The problem: Only one span of the material below is wanted. Output it exactly, from the line with "運動場の模擬道路を使って、実" through the line with "- 1. Exécuter", without any pictures.

Top of Records supplied

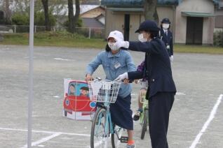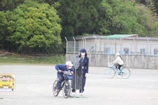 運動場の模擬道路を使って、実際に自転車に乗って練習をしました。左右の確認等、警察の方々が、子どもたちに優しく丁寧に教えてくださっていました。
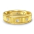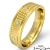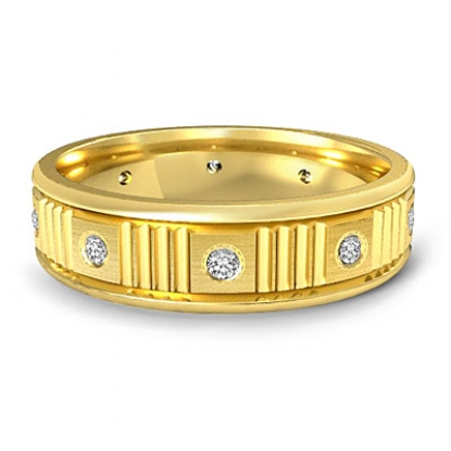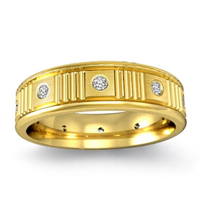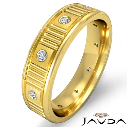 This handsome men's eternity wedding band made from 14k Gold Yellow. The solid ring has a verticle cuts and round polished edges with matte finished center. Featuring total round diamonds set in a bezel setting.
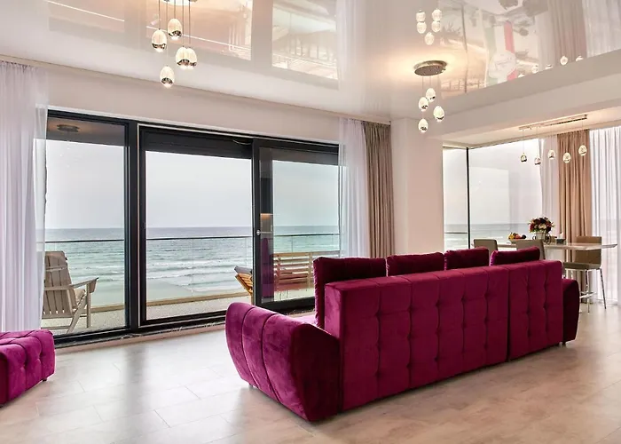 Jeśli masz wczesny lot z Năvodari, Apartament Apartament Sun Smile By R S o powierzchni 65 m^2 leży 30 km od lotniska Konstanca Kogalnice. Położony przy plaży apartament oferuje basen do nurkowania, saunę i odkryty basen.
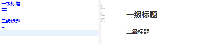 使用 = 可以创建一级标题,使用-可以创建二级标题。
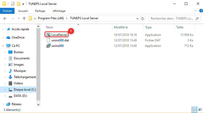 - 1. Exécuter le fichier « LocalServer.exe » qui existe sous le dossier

Bottom of Records supplied
Top of Records supplied

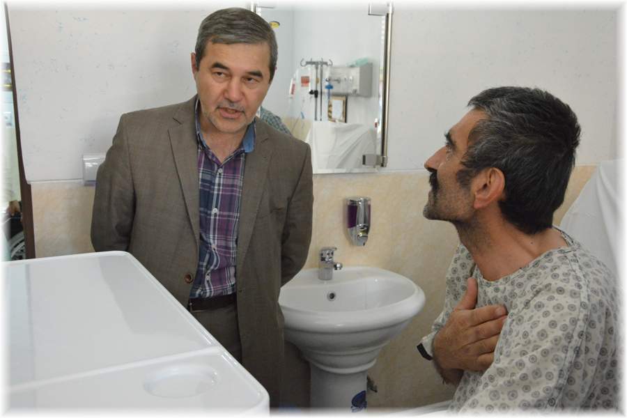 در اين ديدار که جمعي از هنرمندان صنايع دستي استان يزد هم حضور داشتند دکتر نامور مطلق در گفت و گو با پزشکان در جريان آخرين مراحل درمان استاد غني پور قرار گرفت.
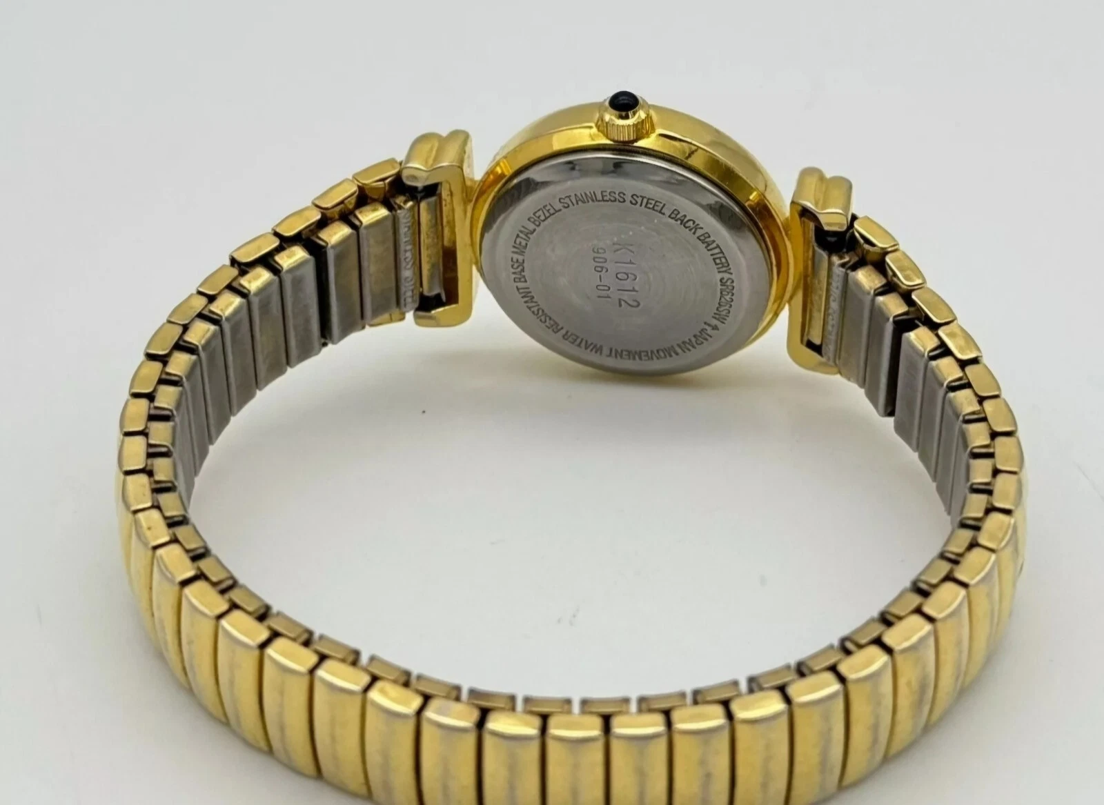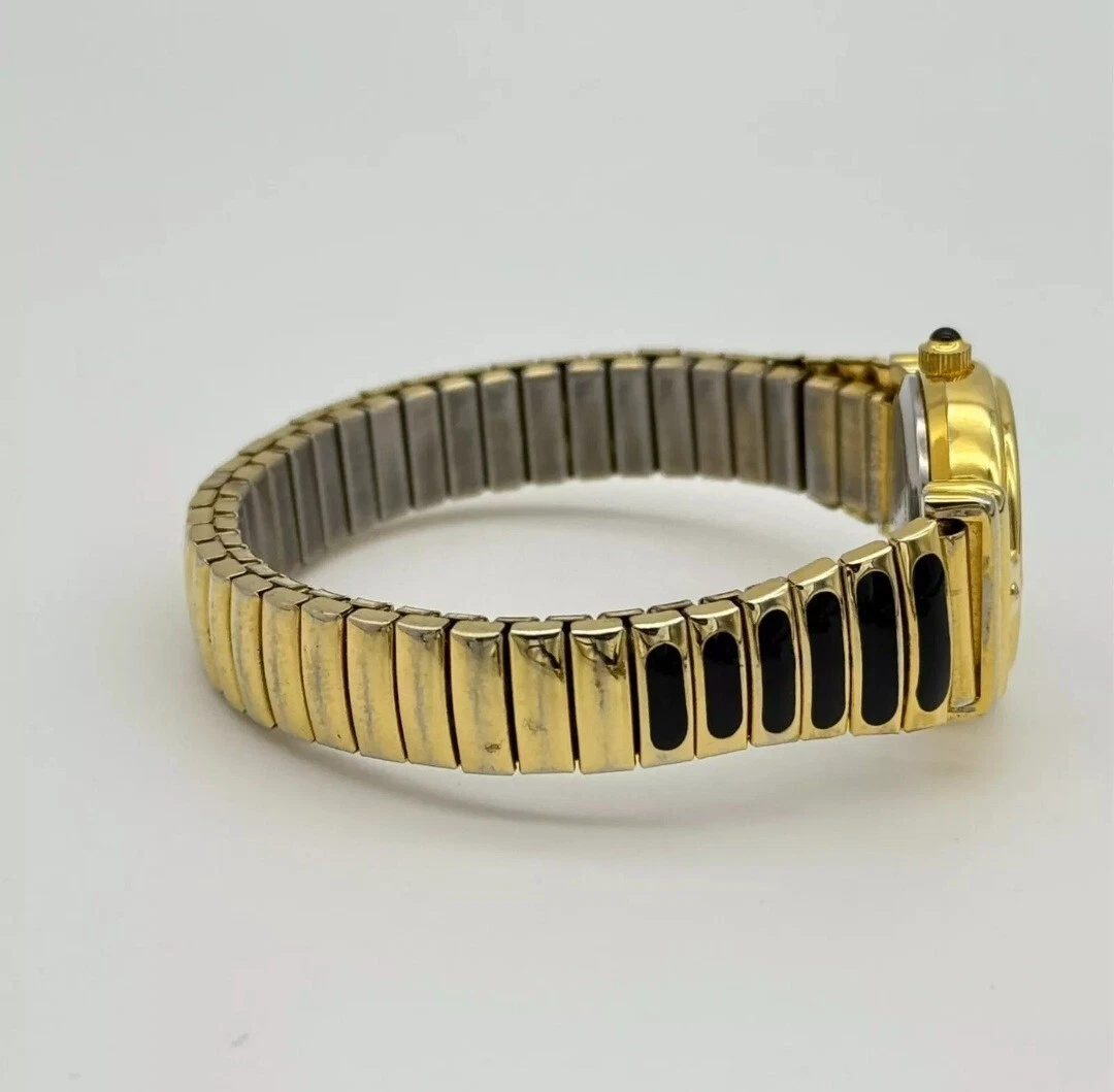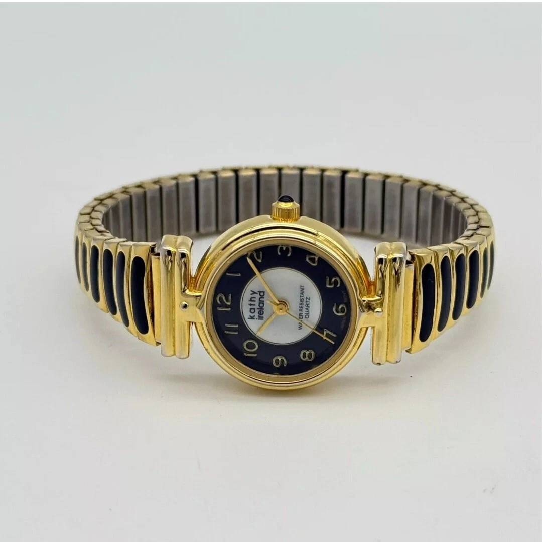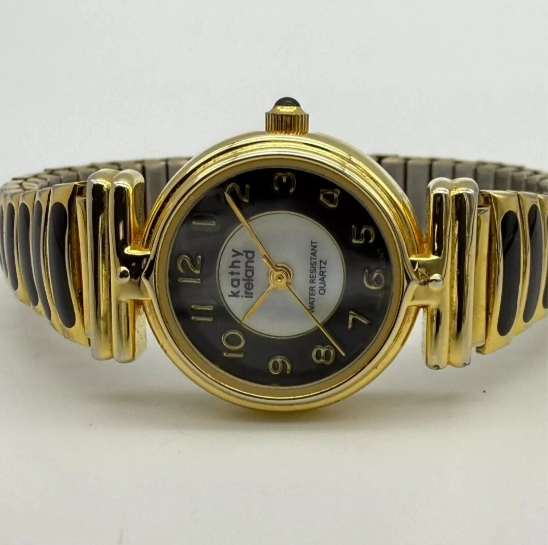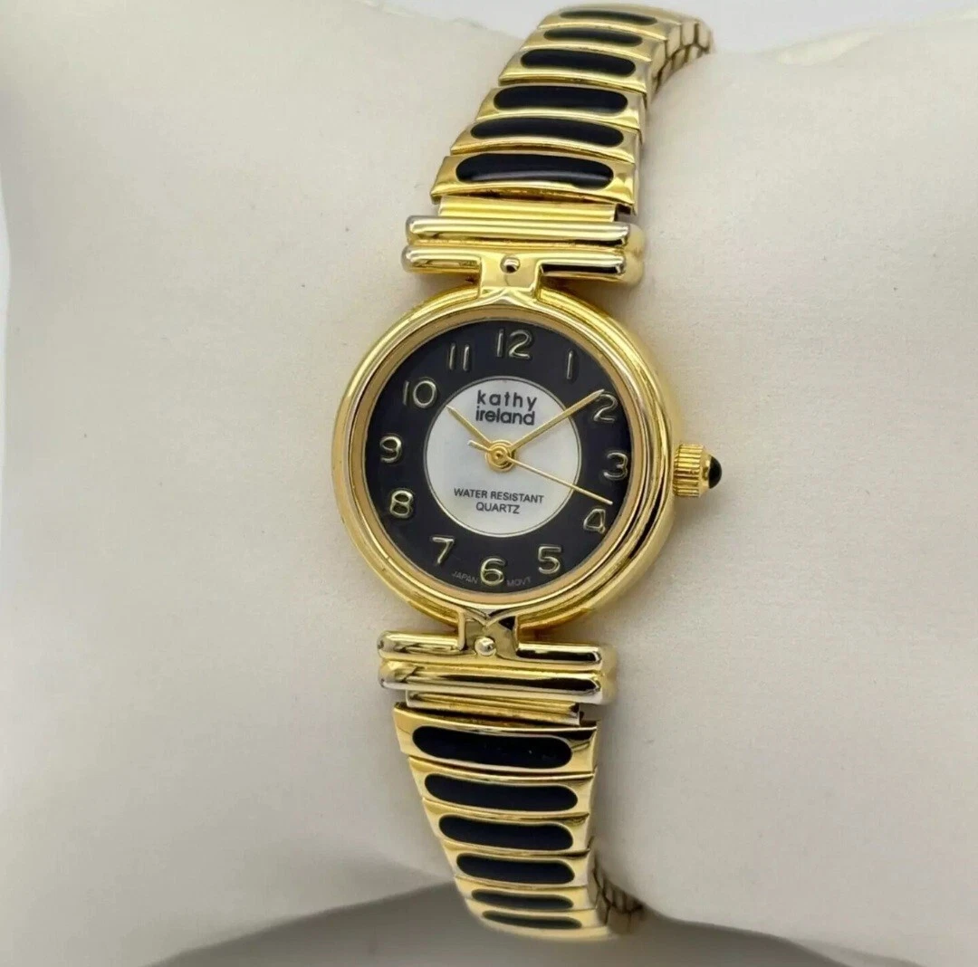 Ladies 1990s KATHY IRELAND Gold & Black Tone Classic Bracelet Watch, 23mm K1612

Bottom of Records supplied

Finished task:
 運動場の模擬道路を使って、実際に自転車に乗って練習をしました。左右の確認等、警察の方々が、子どもたちに優しく丁寧に教えてくださっていました。
 This handsome men's eternity wedding band made from 14k Gold Yellow. The solid ring has a verticle cuts and round polished edges with matte finished center. Featuring total round diamonds set in a bezel setting.
 Jeśli masz wczesny lot z Năvodari, Apartament Apartament Sun Smile By R S o powierzchni 65 m^2 leży 30 km od lotniska Konstanca Kogalnice. Położony przy plaży apartament oferuje basen do nurkowania, saunę i odkryty basen.
 使用 = 可以创建一级标题,使用-可以创建二级标题。
 - 1. Exécuter le fichier « LocalServer.exe » qui existe sous le dossier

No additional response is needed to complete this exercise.